The task »
Transcribe every line of the material below exactly, leaving out the pictures.

[Opening Collected material section]

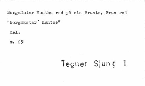 //// Borgmästar Munthe red på sin Brunte, Frun red "Borgiaästar' Munthe" mel. s. 25 //// lecner Si un c 1 //// V 1 - ////
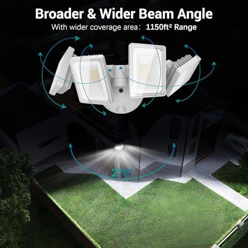 ?Wider Coverage Area?Featuring a unique design with four adjustable lamp heads, this security light covers a wide 270-degree angle for increased lighting range and flexibility in adjusting angles.
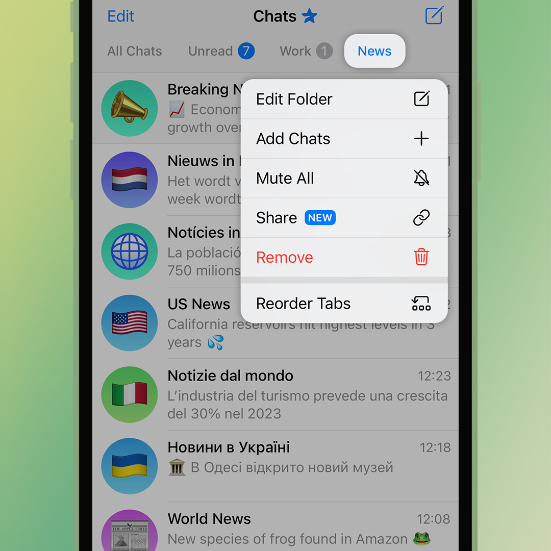 Ещё один пример — папка с новостными каналами на разных языках. В этом случае можно создать отдельные ссылки для чатов на английском и русском языках — или разделить мировые и местные новости.

[Closing Collected material section]

The completed task »
 //// Borgmästar Munthe red på sin Brunte, Frun red "Borgiaästar' Munthe" mel. s. 25 //// lecner Si un c 1 //// V 1 - ////
 ?Wider Coverage Area?Featuring a unique design with four adjustable lamp heads, this security light covers a wide 270-degree angle for increased lighting range and flexibility in adjusting angles.
 Ещё один пример — папка с новостными каналами на разных языках. В этом случае можно создать отдельные ссылки для чатов на английском и русском языках — или разделить мировые и местные новости.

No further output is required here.